A literary journey through Portugal from bottom to top, by a freelance writer with a reputation for erudite outdoor articles. From the Algarve to Tras os Montes, Proper and old-world confrere Adriano hunt and gather pieces of Portugal. Proper, an American, had spent a couple of years there while serving in the foreign service, and he knew there was much to take in if done appropriately. Hence the leisurely, sedate pace of the pair's countrywide ramble; they have time to stop and smell the roses, time to take a good look around. Proper's eye is for the telling detail, and he finds it everywhere—in the odd snippet of anthropology or passage of history, in a sampling of wine or a mythological tale. Language, national temperament, regional cooking, architectural styles, bookstores, markets—all yield something to Proper in his search for what makes Portugal distinctive.
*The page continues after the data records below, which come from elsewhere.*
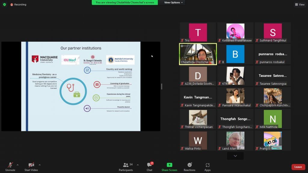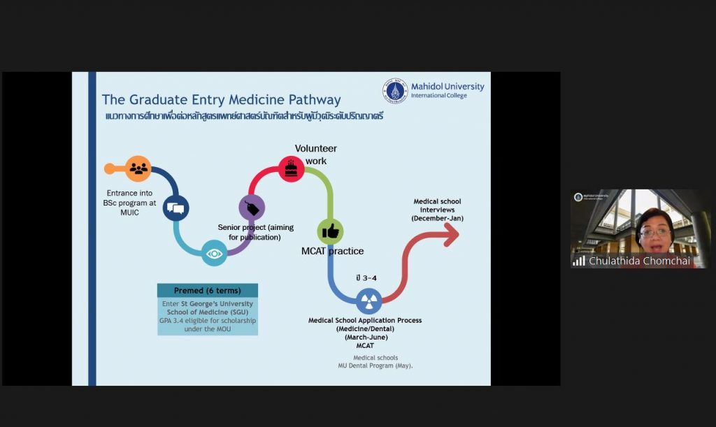 The Science Division of Mahidol University International College (MUIC) held an online “Group Talk on Opportunities in Medicine, Dentistry, and Beyond for MUIC Bio Grads” via Zoom on August 19, 2021.
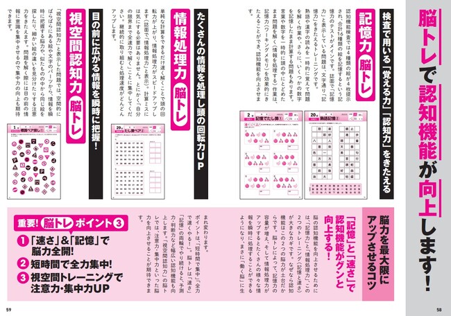 本書内のドリルでは、認知機能検査合格のために必要な脳力である「記憶力」「情報処理」「視空間認知」の3つの脳力を向上させます。各問題には「記憶力」などの各アイコンがあり、問題の効能がすぐにわかるので安心して取り組めます。しかし検査対策と言っても難しく考える必要は全くありません。本書の対策ドリルは、大人の方が楽しんで取り組める絵や文字、数字のパズルですから、気楽にパズルで遊びながら合格対策ができるのです。最新のエビデンスに基づいた認知機能検査対策本は本書だけ! 認知機能検査対策には本書がベストです!
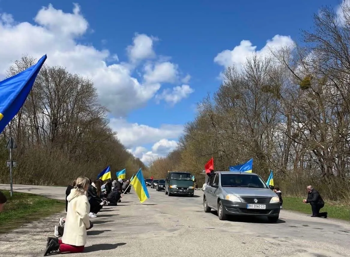 Жителі громади зустріли траурний кортеж «живим коридором» — на колінах та зі сльозами на очах, віддаючи останню шану захиснику.
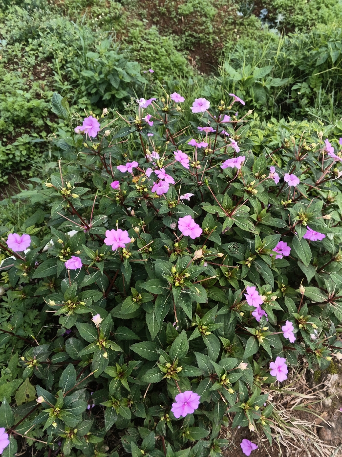 - "A bush of impatiens flowers, characterized by light purple blossoms and dark green, lance-shaped leaves with red veins, dominates the image" by FM-KICT13, licensed under CC BY 4.0
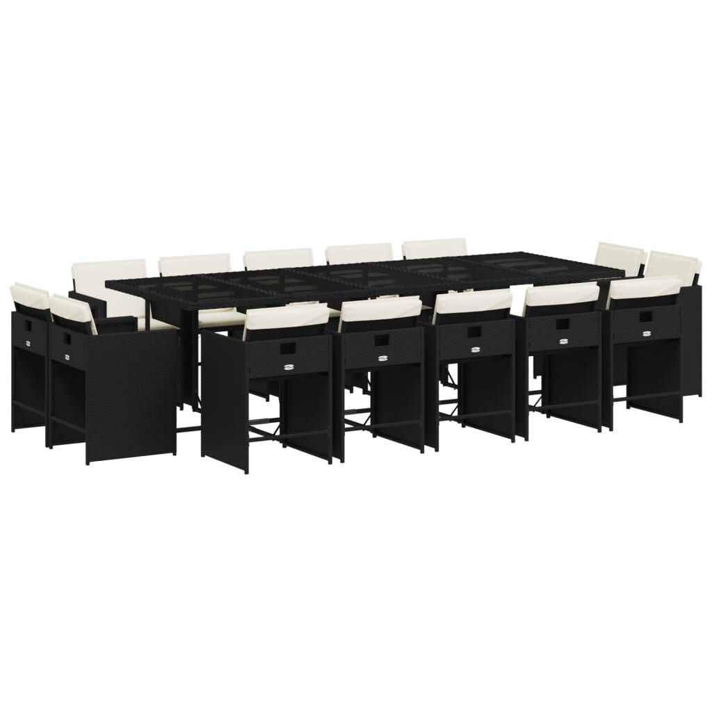 vidaXL 15-tlg. Garten-Essgruppe mit Kissen Schwarz Poly Rattan
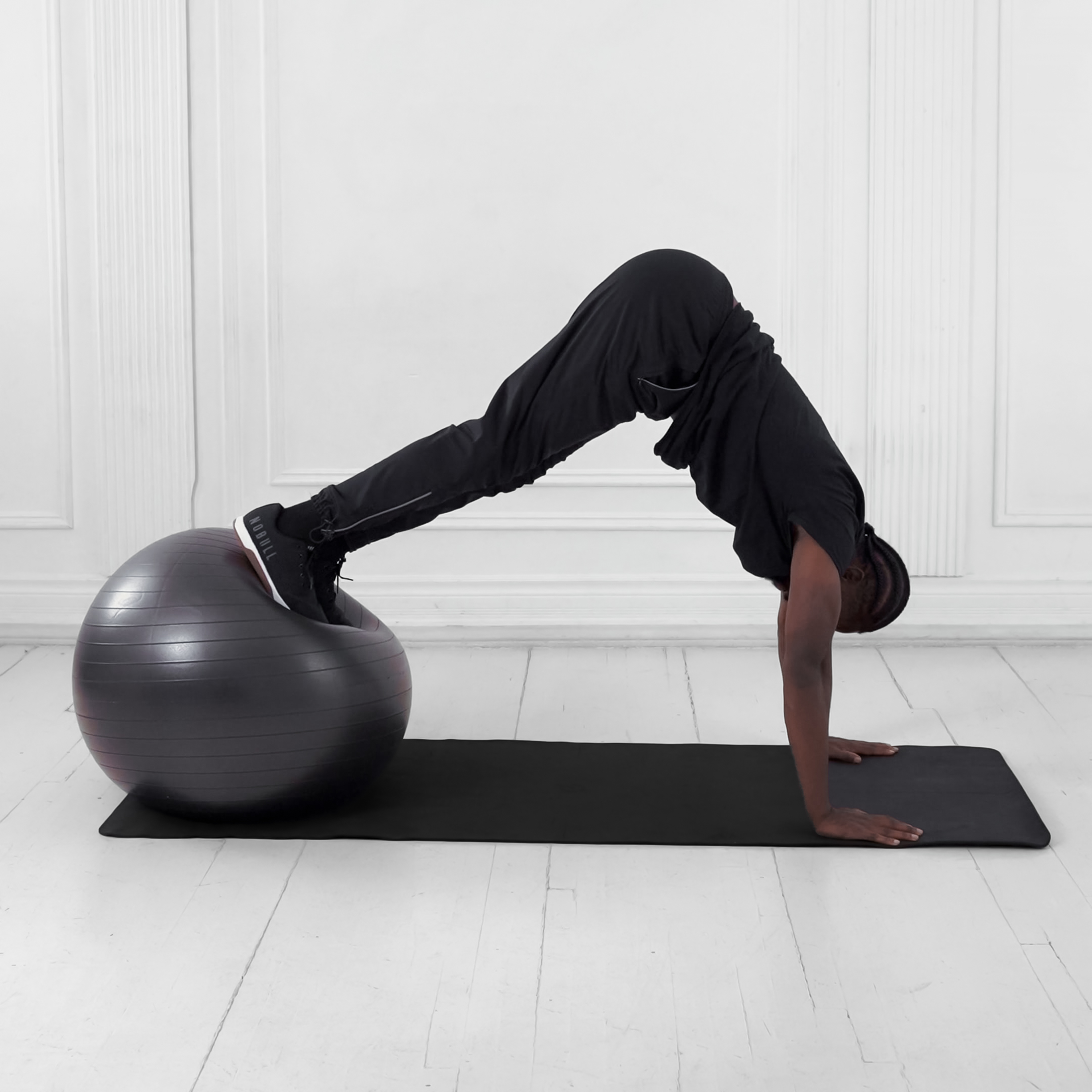 A stability ball exercise where you curl the ball toward your glutes by bending your knees while hips are elevated, targeting hamstrings, glutes, and core to build lower body strength, stability, and coordination.
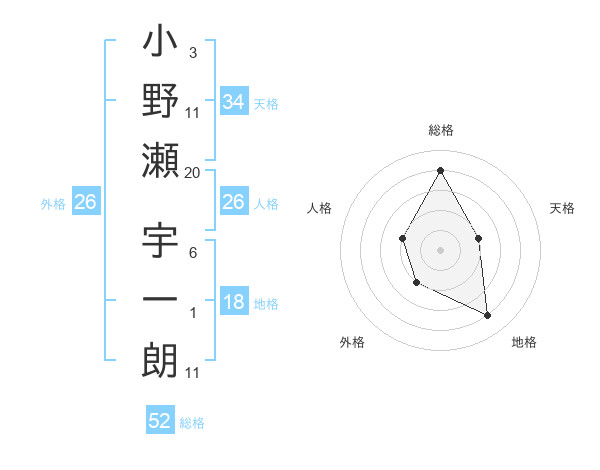 小野瀬 宇一朗さんの総格は52画の4点!
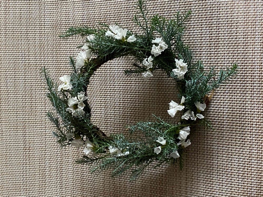 白いスターチスと、庭の冬(クリスマスに、リースにしました)のグリーンで、リースにしたのですが、このグリーンの名前、教えてください😌

He also finds ample opportunity to indulge in two favorite pastimes: fly-fishing for trout and shotgunning for snipe and Portuguese partridge. Here, he takes all these disparate elements and fashions them into a place-portrait of beauty and depth and originality. The writing has an oblique character, with idiosyncratic gaps and fractures. Running through the book is a humor so dry it threatens to combust spontaneously, while a faint trace of poetry gives the account the woven qualities found in a good prose poem. The time and effort of a slow, close reading are repaid in spades. A charmer of a book, weird and wonderful. Proper is no longer the private property of the rod-and-gun club.